WHAT YOU HAVE TO DO = Only the lines from the one with "XL着丈:74.5cm 肩幅:50cm 身幅:60cm 袖丈:63cm" through the end of the material are wanted, copied exactly and with the pictures left out.
+++ INFORMATION SHOWN +++
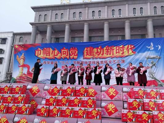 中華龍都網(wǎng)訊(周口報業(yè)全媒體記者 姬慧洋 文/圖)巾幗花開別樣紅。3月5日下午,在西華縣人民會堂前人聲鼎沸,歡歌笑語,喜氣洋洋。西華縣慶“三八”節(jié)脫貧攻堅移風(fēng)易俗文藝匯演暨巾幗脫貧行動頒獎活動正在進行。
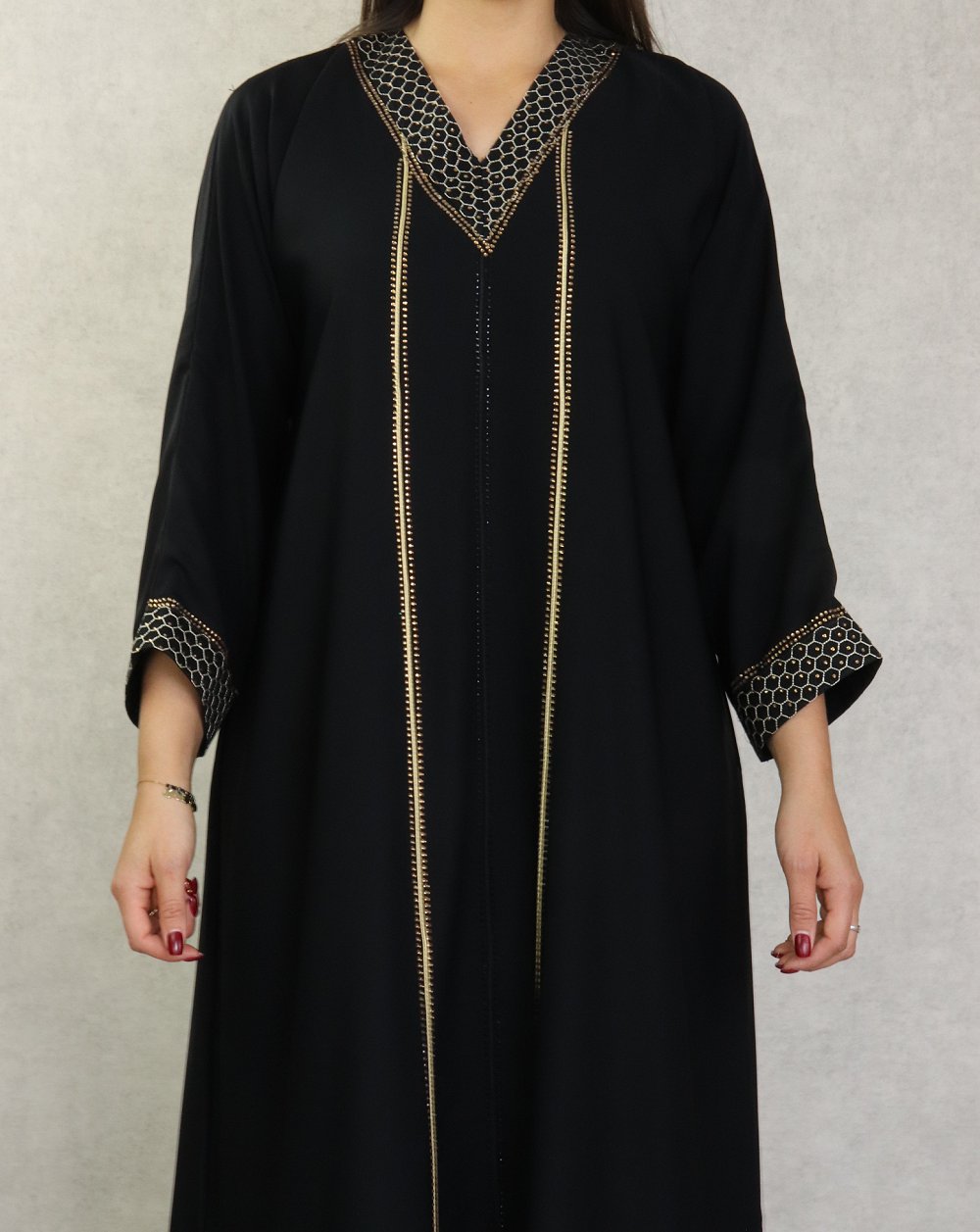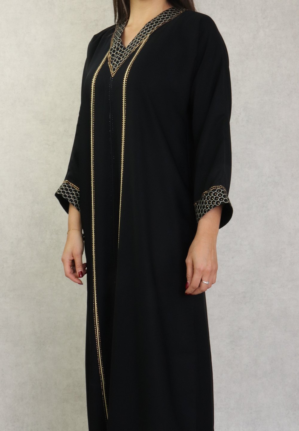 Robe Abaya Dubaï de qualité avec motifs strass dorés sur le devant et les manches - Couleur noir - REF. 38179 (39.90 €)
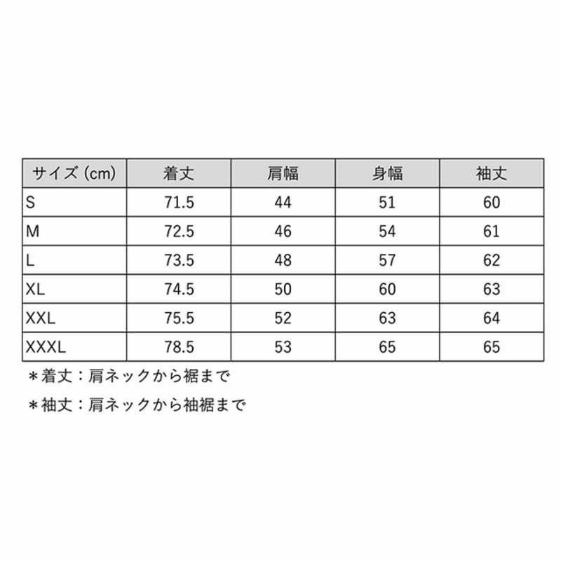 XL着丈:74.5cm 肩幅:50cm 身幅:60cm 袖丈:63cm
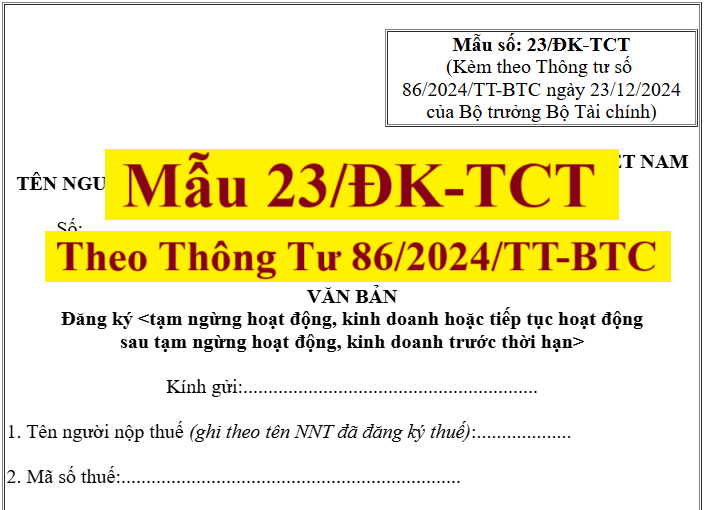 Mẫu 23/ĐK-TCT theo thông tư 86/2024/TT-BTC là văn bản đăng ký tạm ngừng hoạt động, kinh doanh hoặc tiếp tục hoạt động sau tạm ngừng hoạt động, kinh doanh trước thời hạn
+++
TASK ANSWER =
 XL着丈:74.5cm 肩幅:50cm 身幅:60cm 袖丈:63cm
 Mẫu 23/ĐK-TCT theo thông tư 86/2024/TT-BTC là văn bản đăng ký tạm ngừng hoạt động, kinh doanh hoặc tiếp tục hoạt động sau tạm ngừng hoạt động, kinh doanh trước thời hạn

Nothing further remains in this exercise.